Across the globe, the movement toward oligarchy runs parallel to the growth of authoritarian regimes – like Putin in Russia, Xi in China, Mohamed Bin Salman in Saudi Arabia, Rodrigo Duterte in the Philippines, Jair Bolsonaro in Brazil, and Viktor Orbán in Hungry among others. 
These leaders meld corporatist economics with xenophobia and authoritarianism. They redirect popular anger about inequality and declining economic conditions into violent rage against minorities — whether they are immigrants, racial minorities, religious minorities or the LGBT community. And to suppress dissent, they are cracking down on democracy and human rights. 
In the United States, of course, we have our own version of this movement – which is being led by President [von Clownstick] and many of his Republican allies who are attempting to divide our country up and attack these same communities. How sad it is that President [von Clownstick] sees these authoritarian leaders as friends and allies. 
This authoritarian playbook is not new. The challenge we confront today as a nation, and as a world, is in many ways not different from the one we faced a little less than a century ago, during and after the Great Depression in the 1930s.
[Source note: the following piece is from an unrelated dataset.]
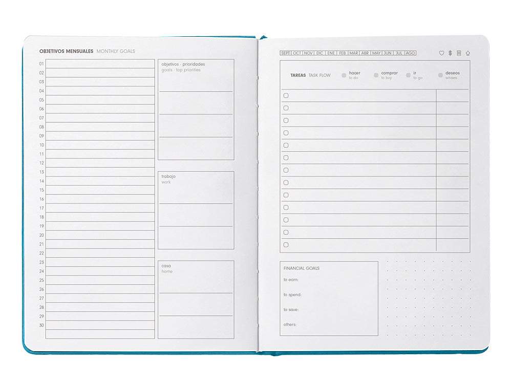 - Extras: Incluye una banda elástica a juego para cerrar la agenda, garantizando que tus notas estén siempre seguras.

Then, as now, deeply-rooted and seemingly intractable economic and social disparities led to the rise of right-wing nationalist forces all over the world. 
In Europe, the anger and despair was ultimately harnessed by authoritarian demagogues who fused corporatism, nationalism, racism and xenophobia into a political movement that amassed totalitarian power, destroyed democracy, and ultimately murdering millions of people — including members of my own family. 
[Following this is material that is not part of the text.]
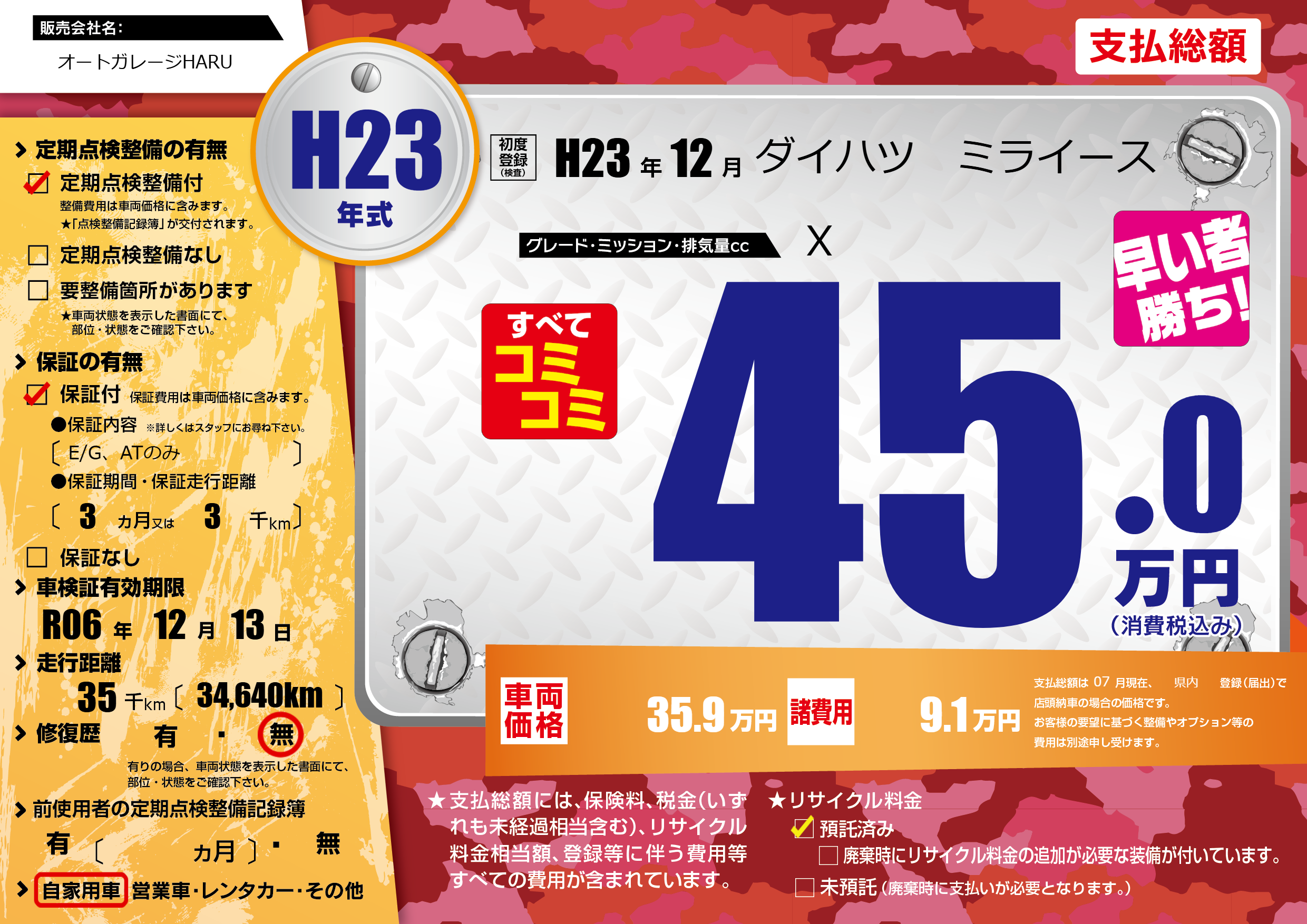 | 走行キロ | 3.5万km | 初年度登録 | H23年12月 |

But we must remember that those were not the only places where dark forces tried to rise up. 
Today, we are all rightly repulsed by the sight of neo-Nazis and Klansmen openly marching in Charlottesville, VA, and we are horrified by houses of worship being shot up by right-wing terrorists. But on February 20, 1939, over 20,000 Nazis held a mass rally – not in Berlin, not in Rome, but in Madison Square Garden, in front of a 30-foot-tall banner of George Washington — bordered with swastikas — in New York City. 
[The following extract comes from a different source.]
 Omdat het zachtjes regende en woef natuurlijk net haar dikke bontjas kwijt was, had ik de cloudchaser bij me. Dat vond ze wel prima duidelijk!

But back then, those American extremists could not replicate the success of their authoritarian brethren across the ocean because we in the United States, thankfully, made a different choice than Europe did in responding to the era’s social and economic crises. 
We rejected the ideology of Mussolini and Hitler – we instead embraced the bold and visionary leadership of President Franklin Delano Roosevelt, then the leader of the progressive wing of the Democratic Party. 
Together with organized labor, leaders in the African American community and progressives inside and outside the Party, Roosevelt led a transformation of the American government and the American economy. 
Like today, the quest for transformative change was opposed by big business, Wall Street, the political establishment, by the Republican Party and by the conservative wing of FDR’s own Democratic Party. And he faced the same scare tactics then that we experience today — red baiting, xenophobia, racism and anti-Semitism. 
In a famous 1936 campaign speech Roosevelt stated, “We had to struggle with the old enemies of peace–business and financial monopoly, speculation, reckless banking, class antagonism, sectionalism, war profiteering. 
“They had begun to consider the government of the United States as a mere appendage to their own affairs. We know now that government by organized money is just as dangerous as government by organized mob. 
“Never before in all our history have these forces been so united against one candidate as they stand today. They are unanimous in their hate for me — and I welcome their hatred.” 
Despite that opposition, by rallying the American people, FDR and his progressive coalition created the New Deal, won four terms, and created an economy that worked for all and not just the few. 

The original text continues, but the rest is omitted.